▶ INFORMATION PROVIDED
___
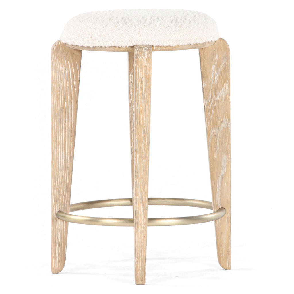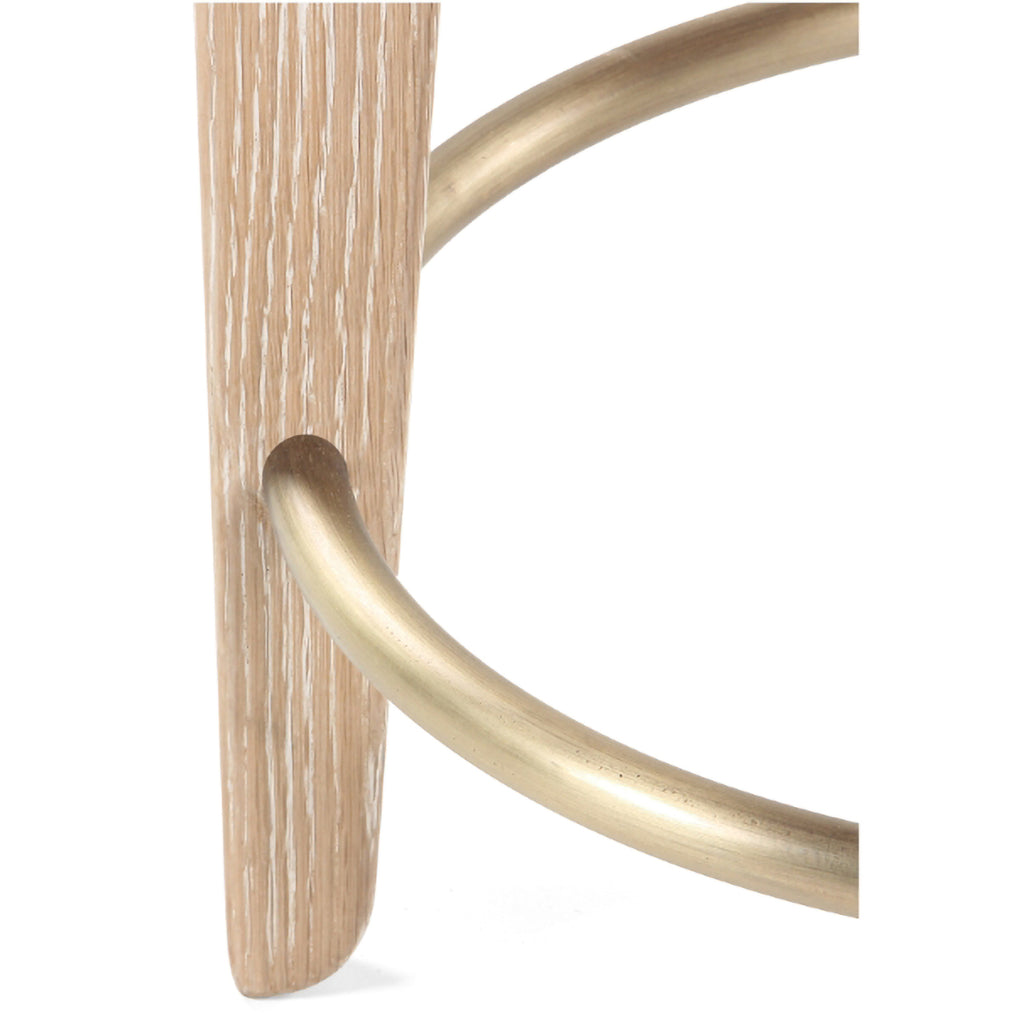 The Quattro Counter Stool is a modern reinterpretation of the classic café stool. Elegant, solid, FSC certified Oak legs support and upholstered seat cushion and a champagne brass plated steel footrest.
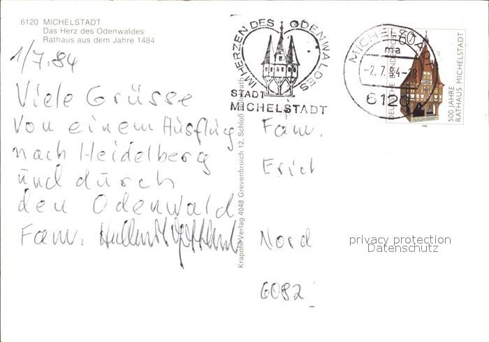 72431517 alte Postkarte Michelstadt Rathaus postalisch gelaufen Erhaltung siehe scans KatCode: 11110006437011
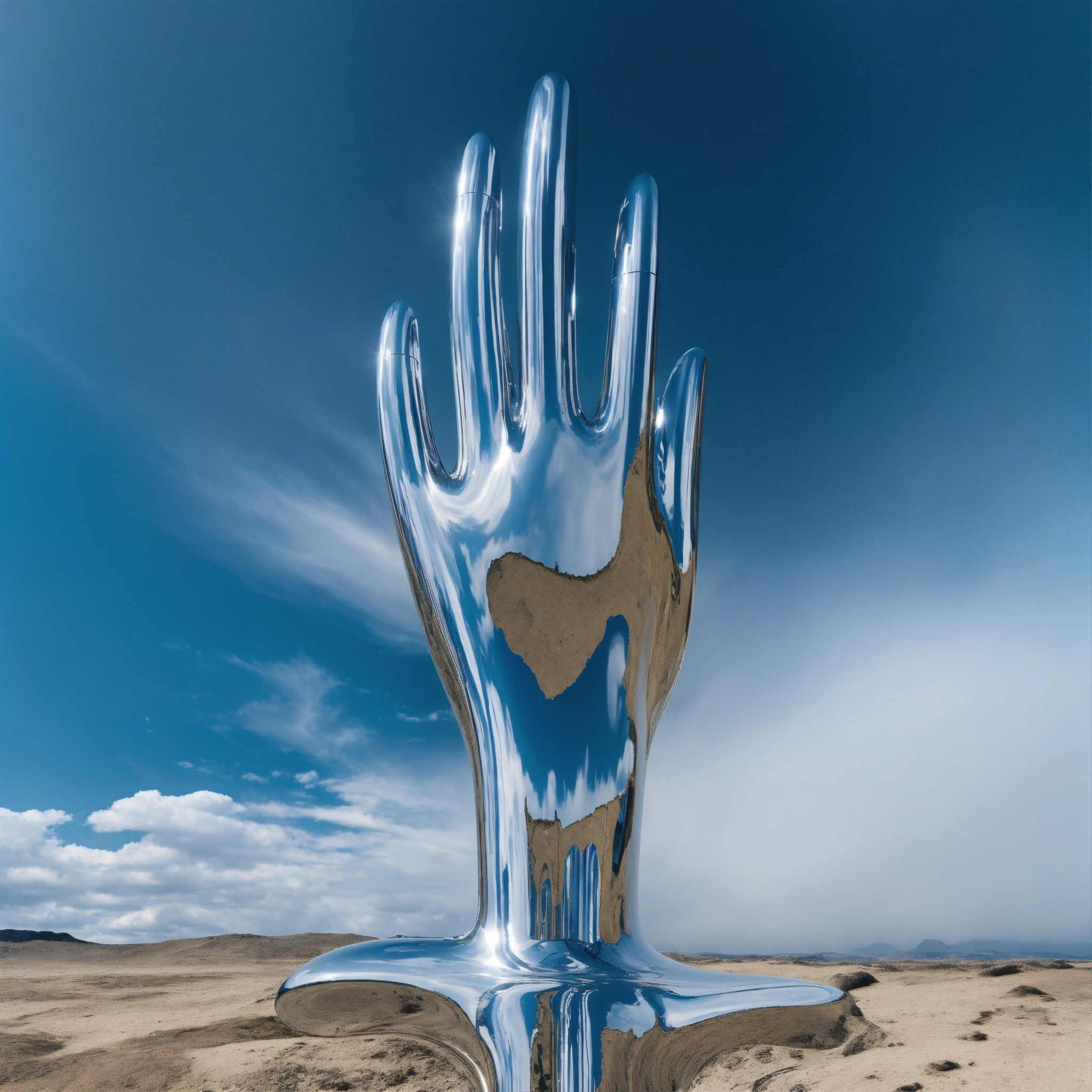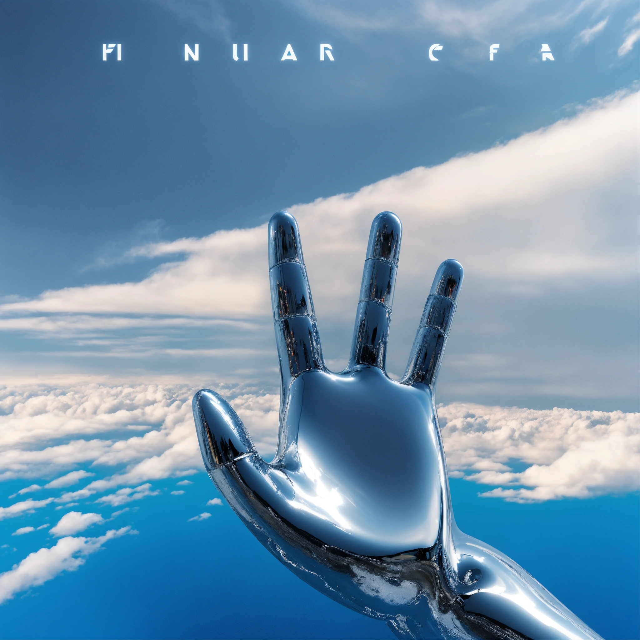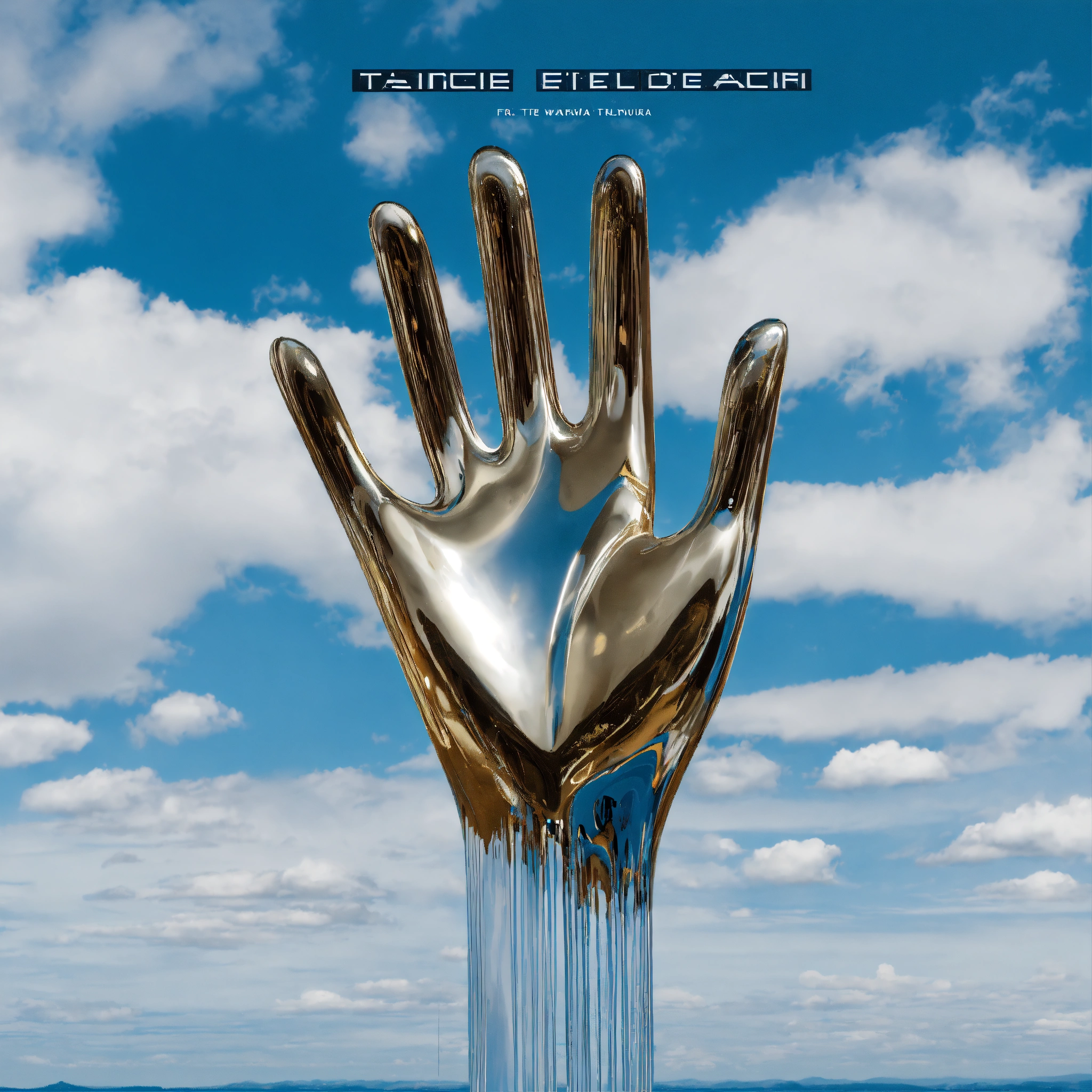 We want to make a cover for a techno album in the frutiger aero aesthetic. we thought about placing a very clear blue sky with a few white clouds as the background of the image, and in the center of the image a melting chrome hand.
___
▶ PROMPT
Take the lines from the one holding "72431517 alte Postkarte" through the last line of the data above and copy them exactly, both ends included, omitting all pictures.

▶ ANSWER
 72431517 alte Postkarte Michelstadt Rathaus postalisch gelaufen Erhaltung siehe scans KatCode: 11110006437011
 We want to make a cover for a techno album in the frutiger aero aesthetic. we thought about placing a very clear blue sky with a few white clouds as the background of the image, and in the center of the image a melting chrome hand.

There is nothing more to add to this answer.